## WORK TASK
Each line of the data must reappear exactly in your answer, with no images included.

## DATASET SECTION
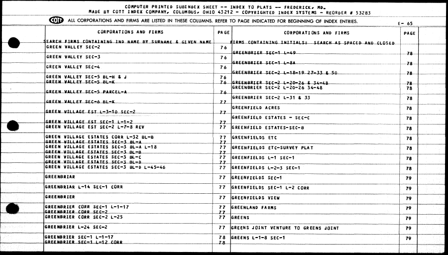| __: EARCH FIRMS CONTAINING INQ NAME BY SURNAME & GIVEN NAME______ GREEN VALLEY SEC-2 76 GREEN VALLEY SEC-3 76 GREEN VALLEY SEC-4 76 GREEN VALLEY SEC-5 BL-H & J 76 __ GREEN VALLEY SEC-5 BL-K_______________________________7-6- __ GREEN VALLEY SEC-5 PARCEL-A_________________________ 76 __ GREEN VALLEY SFC-6 Bl-K_______________________________7_7__ __ GREEN VILLAGE EST L-3-1Q SEC-2_________________________7J7— __ GREEN VILLAGE EST SEC-1 1-1*2_________________________7-Z-GREEN VILLAGE EST SEC-2 L-7-8 REV 77 GREEN VILLAGE ESTATES CQRR L-32 BL-B 77 __ GREEN VILLAGE ESTATES SEC-3 8L-A_______________________7-7— GREEN VILLAGE ESTATES SEC-3 8L-A L-18 77 __6REEN VILLAGE ESTATES SEC-3 BL-B______________________77 SREEN VILLAGE ESTATES SEC-3 BL-C 77 _ GREEN VILLAGE ESTATES SEC-3 BL-0______________________77 GREEN VILLAGE ESTATES SEC-3 BL-0 L-45-46 77 GREEN8RIAR 77 6REEN8RIAR L-14 SEC-1 CORR 77 GREENBRIER 77 GREENBRIER CORR SEC-1 L-1-17 77 __GREENSRIFR CORR SEC-2_________________________________77 GREEN8RIER CORR SEC-2 L-25 77 GREEN8RIER L-24 SEC-2 77 SREEMBR1ER SEC-1 L-1-17 78 — SBEEMBBfEB SEC-1 L-1 2 CORR____________________________2L8_ JIfiHS CONTAINING INITIALS: SEARCH AS SPACEP AND CLOSED _ - GREENBRIER SEC-1 L-49—————————————————————————— ___ —-?«-_&REENBRIER SEC-1 L-8A————————————————————————_._...„_____^4_ _GREENBRIES SEC-2 L-18-19 27-33 & SO——————______ __ J^ -GREENBRIER SEC-2 L-20-26 & 34-48—————————————————___—71- GREENBRIER SEC-2 L-20-26 34-48 78 GREENBRIER SEC-2 L-31 ft 33 78 GREENFIELO ACRES 78 GREENFIELD ESTATES - SEC-C 78 GREENFIELD ESTATES-SEC-B 78 GREENFIELDS ETC 78 GREENFIELDS ETC-SURVEY PLAT 78 GREENFIELDS L-1 SEC-1 78 GREENFIELDS L-2-3 SEC-1 78 GREENFIELDS SEC-1 79 GREENFIELDS SEC-1 L-2 CORR 79 GREENFIELDS VIEW 79 GREENLAND FARMS 79 GREENS 79 GREENS JOINT VENTURE TO GREENS JOINT 79 GREENS L-1-8 SEC-1 79 |
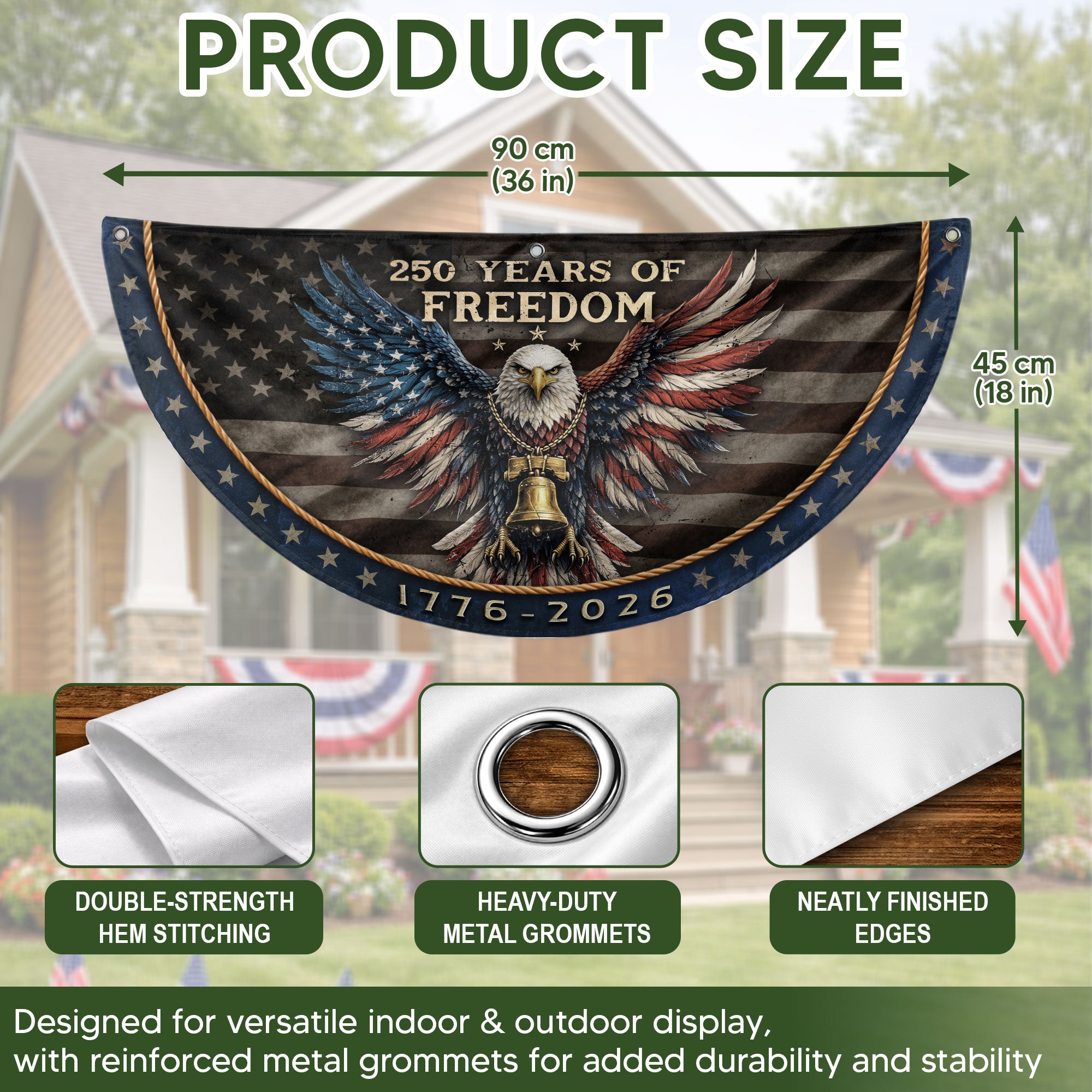 Celebrate America’s 250th anniversary of independence from 1776 to 2026 with this striking fence flag. Featuring a bold patriotic eagle, iconic Liberty Bell, and vintage American design elements, this banner captures the spirit of freedom and national pride. Crafted from durable, weather-resistant polyester fabric, it withstands outdoor conditions including wind, rain, and sun exposure. Perfect for displaying on fences, porches, decks, mailboxes, or as yard décor during Independence Day celebrations, historical commemorations, or everyday patriotic displays. Easy to hang with reinforced grommets and sleeves. Measures standard fence flag size for versatile placement. Proudly made to honor the semiquincentennial milestone.
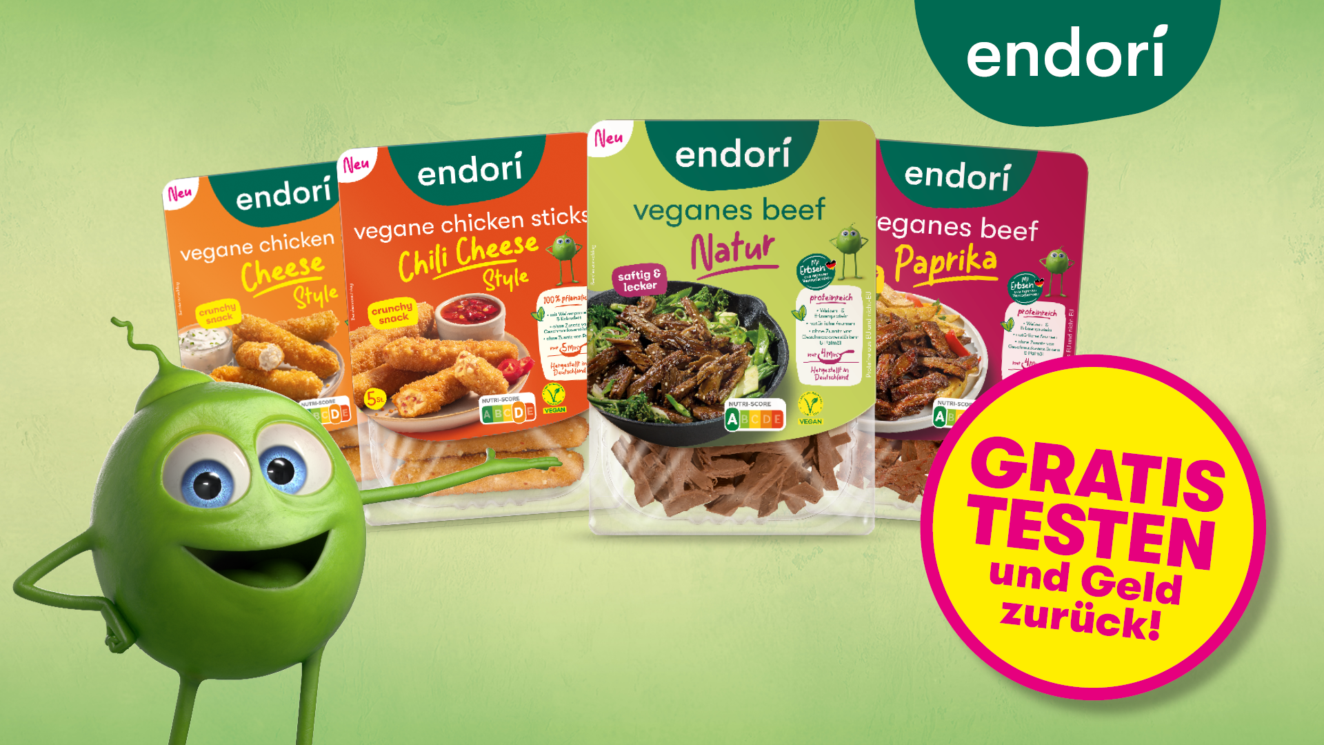 Probieren, genießen, Geld zurück – so easy geht’s! Mit einer starken POS-Aktion und einer reichweitenstarken digitalen Kampagne rückt endori seine neuesten pflanzlichen Produkte ins Rampenlicht. Unter dem Motto „Gratis testen und Geld zurück“ können Kund:innen vom 1. März bis 26. April 2025 die neuesten endori-Produkte ausprobieren: vegane Chicken Sticks in den Sorten Cheese Style und Chili Cheese Style sowie veganes Beef in Natur oder Paprika. Nach dem Kauf gibt es den Kaufpreis zurück! Damit setzt endori nicht nur starke Impulse im Lebensmitteleinzelhandel, sondern sorgt auch für maximale Aufmerksamkeit bei den Verbraucher:innen.
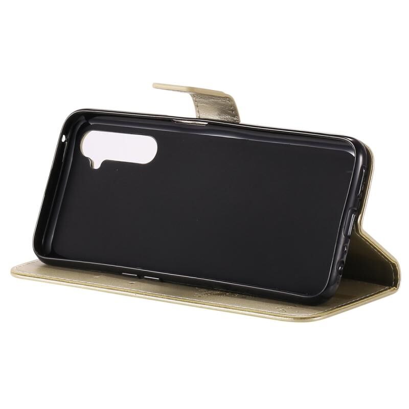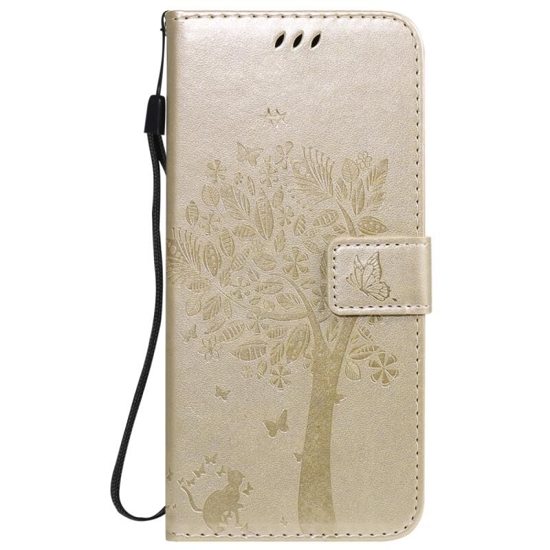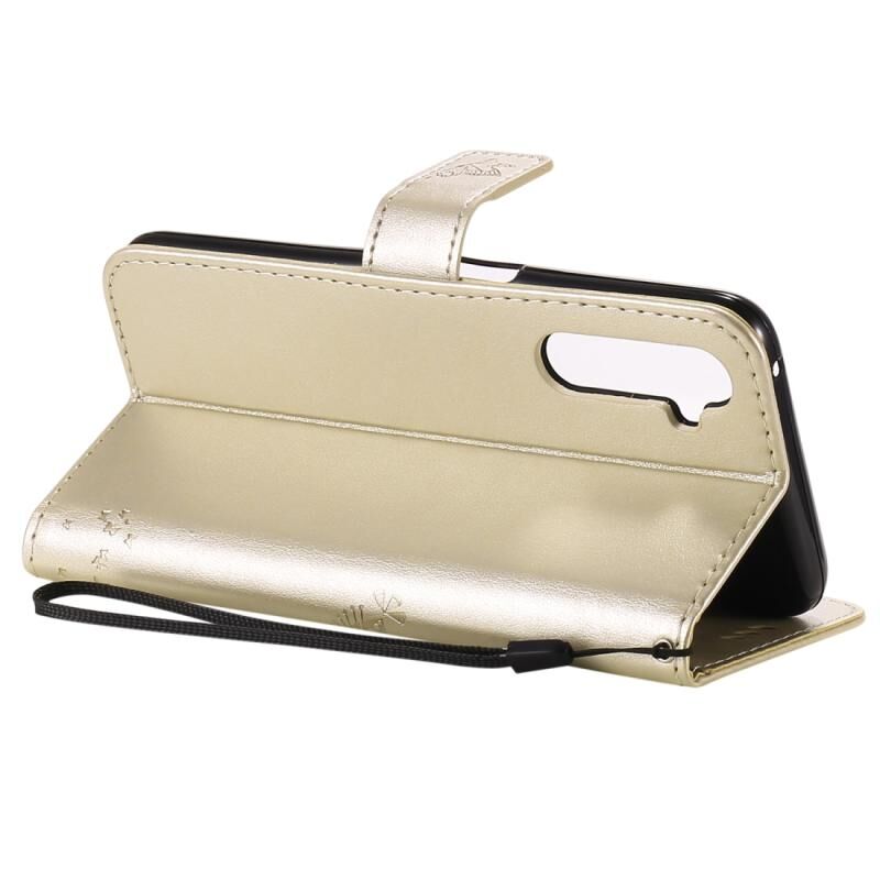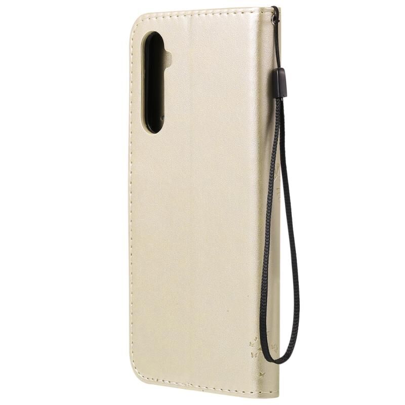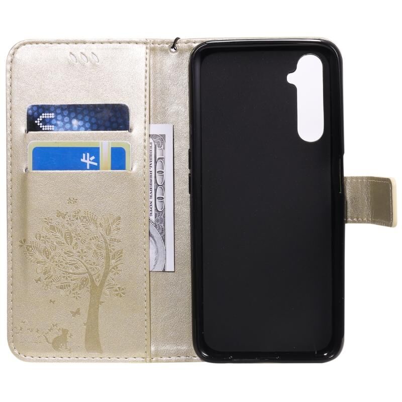Θήκη για OPPO Realme 6 Pro με σχέδιο Δέντρου & Γάτας, εκτυπωμένη με θερμοτύπωση, οριζόντια αναδιπλούμενη από δερματίνη PU με βάση στήριξης & θήκες καρτών & πορτοφόλι & κορδόνι (Πράσινο)

## ANSWER SPACE
| __: EARCH FIRMS CONTAINING INQ NAME BY SURNAME & GIVEN NAME______ GREEN VALLEY SEC-2 76 GREEN VALLEY SEC-3 76 GREEN VALLEY SEC-4 76 GREEN VALLEY SEC-5 BL-H & J 76 __ GREEN VALLEY SEC-5 BL-K_______________________________7-6- __ GREEN VALLEY SEC-5 PARCEL-A_________________________ 76 __ GREEN VALLEY SFC-6 Bl-K_______________________________7_7__ __ GREEN VILLAGE EST L-3-1Q SEC-2_________________________7J7— __ GREEN VILLAGE EST SEC-1 1-1*2_________________________7-Z-GREEN VILLAGE EST SEC-2 L-7-8 REV 77 GREEN VILLAGE ESTATES CQRR L-32 BL-B 77 __ GREEN VILLAGE ESTATES SEC-3 8L-A_______________________7-7— GREEN VILLAGE ESTATES SEC-3 8L-A L-18 77 __6REEN VILLAGE ESTATES SEC-3 BL-B______________________77 SREEN VILLAGE ESTATES SEC-3 BL-C 77 _ GREEN VILLAGE ESTATES SEC-3 BL-0______________________77 GREEN VILLAGE ESTATES SEC-3 BL-0 L-45-46 77 GREEN8RIAR 77 6REEN8RIAR L-14 SEC-1 CORR 77 GREENBRIER 77 GREENBRIER CORR SEC-1 L-1-17 77 __GREENSRIFR CORR SEC-2_________________________________77 GREEN8RIER CORR SEC-2 L-25 77 GREEN8RIER L-24 SEC-2 77 SREEMBR1ER SEC-1 L-1-17 78 — SBEEMBBfEB SEC-1 L-1 2 CORR____________________________2L8_ JIfiHS CONTAINING INITIALS: SEARCH AS SPACEP AND CLOSED _ - GREENBRIER SEC-1 L-49—————————————————————————— ___ —-?«-_&REENBRIER SEC-1 L-8A————————————————————————_._...„_____^4_ _GREENBRIES SEC-2 L-18-19 27-33 & SO——————______ __ J^ -GREENBRIER SEC-2 L-20-26 & 34-48—————————————————___—71- GREENBRIER SEC-2 L-20-26 34-48 78 GREENBRIER SEC-2 L-31 ft 33 78 GREENFIELO ACRES 78 GREENFIELD ESTATES - SEC-C 78 GREENFIELD ESTATES-SEC-B 78 GREENFIELDS ETC 78 GREENFIELDS ETC-SURVEY PLAT 78 GREENFIELDS L-1 SEC-1 78 GREENFIELDS L-2-3 SEC-1 78 GREENFIELDS SEC-1 79 GREENFIELDS SEC-1 L-2 CORR 79 GREENFIELDS VIEW 79 GREENLAND FARMS 79 GREENS 79 GREENS JOINT VENTURE TO GREENS JOINT 79 GREENS L-1-8 SEC-1 79 |
 Celebrate America’s 250th anniversary of independence from 1776 to 2026 with this striking fence flag. Featuring a bold patriotic eagle, iconic Liberty Bell, and vintage American design elements, this banner captures the spirit of freedom and national pride. Crafted from durable, weather-resistant polyester fabric, it withstands outdoor conditions including wind, rain, and sun exposure. Perfect for displaying on fences, porches, decks, mailboxes, or as yard décor during Independence Day celebrations, historical commemorations, or everyday patriotic displays. Easy to hang with reinforced grommets and sleeves. Measures standard fence flag size for versatile placement. Proudly made to honor the semiquincentennial milestone.
 Probieren, genießen, Geld zurück – so easy geht’s! Mit einer starken POS-Aktion und einer reichweitenstarken digitalen Kampagne rückt endori seine neuesten pflanzlichen Produkte ins Rampenlicht. Unter dem Motto „Gratis testen und Geld zurück“ können Kund:innen vom 1. März bis 26. April 2025 die neuesten endori-Produkte ausprobieren: vegane Chicken Sticks in den Sorten Cheese Style und Chili Cheese Style sowie veganes Beef in Natur oder Paprika. Nach dem Kauf gibt es den Kaufpreis zurück! Damit setzt endori nicht nur starke Impulse im Lebensmitteleinzelhandel, sondern sorgt auch für maximale Aufmerksamkeit bei den Verbraucher:innen.
Θήκη για OPPO Realme 6 Pro με σχέδιο Δέντρου & Γάτας, εκτυπωμένη με θερμοτύπωση, οριζόντια αναδιπλούμενη από δερματίνη PU με βάση στήριξης & θήκες καρτών & πορτοφόλι & κορδόνι (Πράσινο)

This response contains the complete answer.